Kʼawiil, in the Post-Classic codices corresponding to God K, is a Maya deity identified with lightning, serpents, fertility and maize. He is characterized by a zoomorphic head, with large eyes, long, upturned snout and attenuated serpent foot. A torch, stone celt, or cigar, normally emitting smoke, comes out of his forehead, while a serpent leg represents a lightning bolt. In this way, Kʼawiil personifies the lightning axe both of the rain deity and of the king as depicted on his stelae.
From the correspondence between Landa's description of the New Year rituals and the depiction of these rituals in the Dresden Codex, it can be inferred that in 16th-century Yucatán, Kʼawiil was called Bolon Dzacab 'Innumerable (bolon 'nine, innumerable') maternal generations', perhaps a metaphor for fertility. God K's name in the Classic period may have been the same, or similar, since the numeral 'nine' is repeatedly found included in the deity's logogram.
However, based on epigraphical considerations, the Classical god K is now most often referred to as Kʼawiil. Hieroglyphically, the head of god K can substitute for the syllable kʼa in kʼawiil, a word possibly meaning 'powerful one', and attested as a generic deity title in Yucatec documents.
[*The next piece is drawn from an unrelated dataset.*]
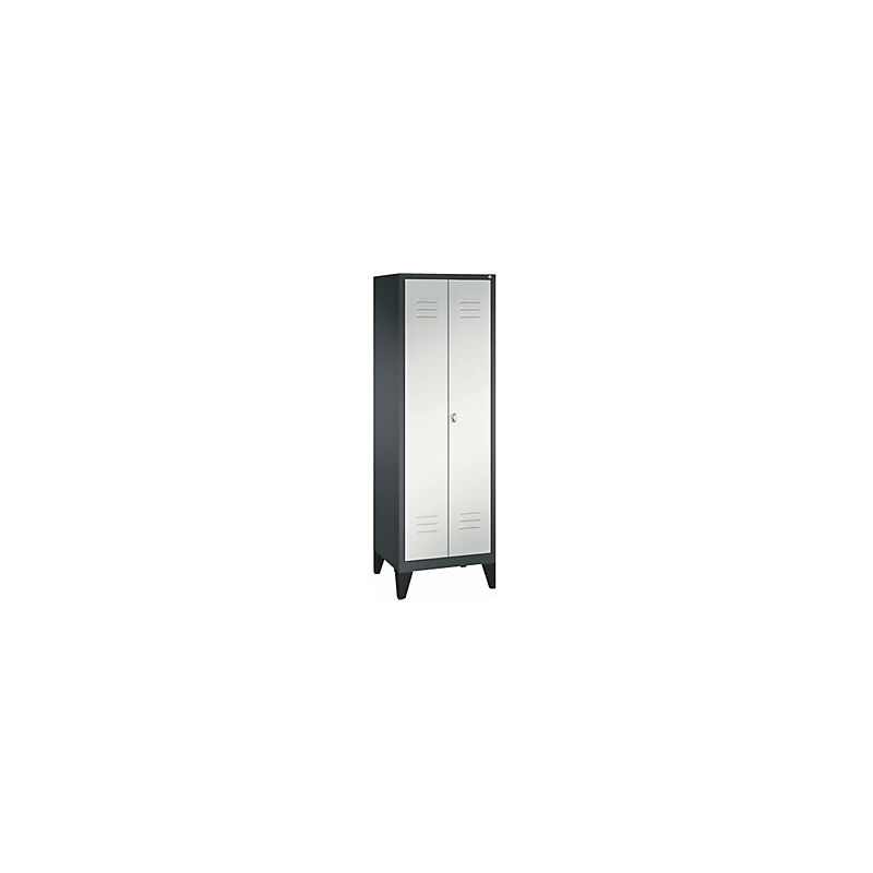 Armadio di magazzinaggio CLASSIC, ante battenti, con piedini, 1 vano, larghezza vano 600 mm, grigio nerastro / grigio chiaro. Fornitura = montato. Altezza = 1850 mm. Profondità = 500 mm. Larghezza = 610 mm. Colore corpo = grigio nerastro RAL 7021. Colore porta = grigio chiaro RAL 7035. Serratura = chiavistello girevole predisposto per lucchetto. Numero scomparti in larghezza = 1 pz. Larghezza scomparti = 600 mm. Materiale = lamiera d'acciaio. Altezza armadietto = 1850 mm. Dotazione interna = 4 ripiani inseribili. Larghezza interna = 530 mm. Profondità interna = 465 mm. Tipo di porta = anta a battente. Larghezza ripiani = 600 mm. Profondità ripiani = 500 mm. Altezza piedini = 150 mm. Struttura = con saldatura. Superficie = verniciatura. Struttura in acciaio di lunga durata. Angolo di apertura anta 110°. Corpo in robusta costruzione d'acciaio con verniciatura a forno di alta qualità, ante a battente con serratura unica, 4 piani d'appoggio interni. Fondo dell'armadio con aperture di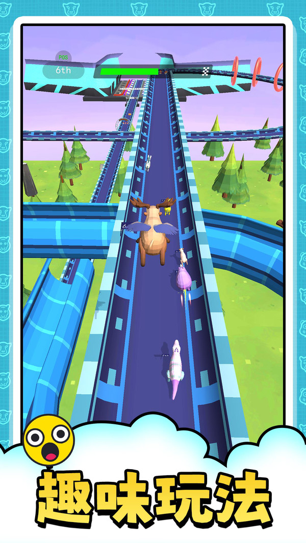 1、核心围绕独特的空中赛跑玩法展开,动物角色将在离地飞驰的梦幻赛道上展开竞速,突破传统跑酷形式。

This substitution has given rise to the idea that, inversely, the title kʼawiil as a whole should be considered a name specifically referring to god K.
Narratives and scenes
Lightning plays a crucial role in tales dealing with the creation of the world and its preparation for the advent of mankind. In the cosmogony of the Popol Vuh, three Lightning deities identified with the 'Heart of the Sky' (among whom Huraqan 'One-Leg') create the earth out of the primordial sea, and people it with animals. Bolon Dzacab plays an important, if not very clear role in the cosmogonical myth related in the Book of Chilam Balam of Chumayel, where he is identified with wrapped-up seeds. The rain gods or their lightning once opened up the Maize Mountain, making the maize seeds available to mankind.
Kʼawiil also figures in an enigmatic Classic scene known only from ceramics (see fig.2), showing an aged ancestor or deity emerging from the serpentine foot of the lightning god, apparently to mate with a nude young woman of decidedly aristocratic allure entwined by the serpent. Not impossibly, the meaning of the scene is ritual, rather than mythological.
Perhaps related to the latter scene, stucco reliefs on the pillars of the Temple of the Inscriptions at Palenque depict a king (and perhaps also a queen) holding a baby with a lightning celt in the forehead and a serpentine leg, or, the infant lightning god (unen q'awiil) that is also one of Palenque's three patron deities (GII).
The illustrated katun cycle of the Paris Codex suggests that the presentation of the head of Kʼawiil – perhaps holding the promise of 'Innumerable Generations' – was part of the king's ritual inauguration and accession to the throne. Kʼawiil not only embodied the king's war-like lightning power, but also his power to bring agricultural prosperity to his subjects: The Lightning deity was a god of agricultural abundance, and of the maize and cacao seeds in particular. Therefore, he is often depicted with a sack of grains, sometimes accompanied by the expression hun yax(al) hun kʼan(al) 'abundance'.